This patch makes the following changes to GiST:
- refactor the code to keep a pin on the buffer currently being examined
by a GiST index scan. This avoids the need to invoke ReadBuffer() for
each tuple produced by the scan; this should result in a performance
improvement.
- add support for index tuple killing (once the above refactoring was
done, this was easy). This should ensure that GiST performance degrades
more gracefully in the presence of expired heap tuples.

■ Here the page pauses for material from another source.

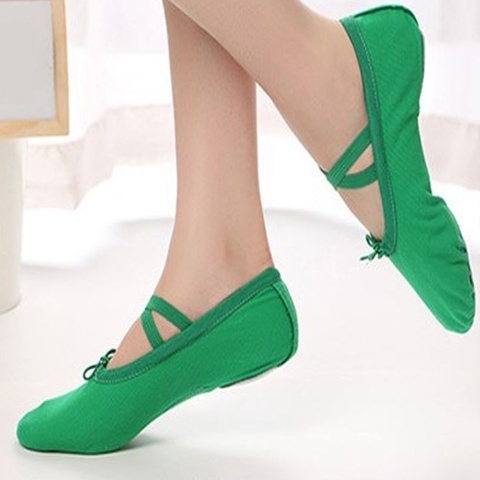 [Ready Stock] Size 23-44 Green Ballet Shoes Women Plus Size Dancing Shoes Kids for Girls Adults Canvas Ballerina Dancing Flats

- remove gistscancache(): per discussion on -hackers, this is useless
- fold gistfirst() into gistnext(): there was a bunch of code duplicated
here for no good reason
- rename some structure fields to be more sensible
- add some comments to gistget.c
- rename IndexUpdateStats() to IndexCloseAndUpdateStats(), per
suggestion from Tom
- various other cleanups and improvements
Performance results:
I ran contrib/rtree_gist/bench/bench.pl to test the effect of these
changes. "$NUM" in create_test.pl was set to 400,000, and all tests were
run with "-b 40". The machine is a 2-processor Xeon 2.8 ghz, Linux
2.6.9, with a single SCSI 10k disk and 1GB of RAM. I ran the test a few
times to warm up the cache first. Results without patch:
total: 18.55 sec; number: 40; for one: 0.464 sec; found 1 docs
total: 18.44 sec; number: 40; for one: 0.461 sec; found 1 docs
total: 18.45 sec; number: 40; for one: 0.461 sec; found 1 docs
total: 18.43 sec; number: 40; for one: 0.461 sec; found 1 docs
Results with patch:
total: 16.97 sec; number: 40; for one: 0.424 sec; found 1 docs
total: 16.91 sec; number: 40; for one: 0.423 sec; found 1 docs
total: 16.96 sec; number: 40; for one: 0.424 sec; found 1 docs
total: 16.94 sec; number: 40; for one: 0.424 sec; found 1 docs
I've attached a gzip'd patch against current sources; it includes the
previous changes made to GiST for memory management and related cleanups
(sorry, I would include an incremental diff, but interdiff(1) seems to
be misbehaving...)
-Neil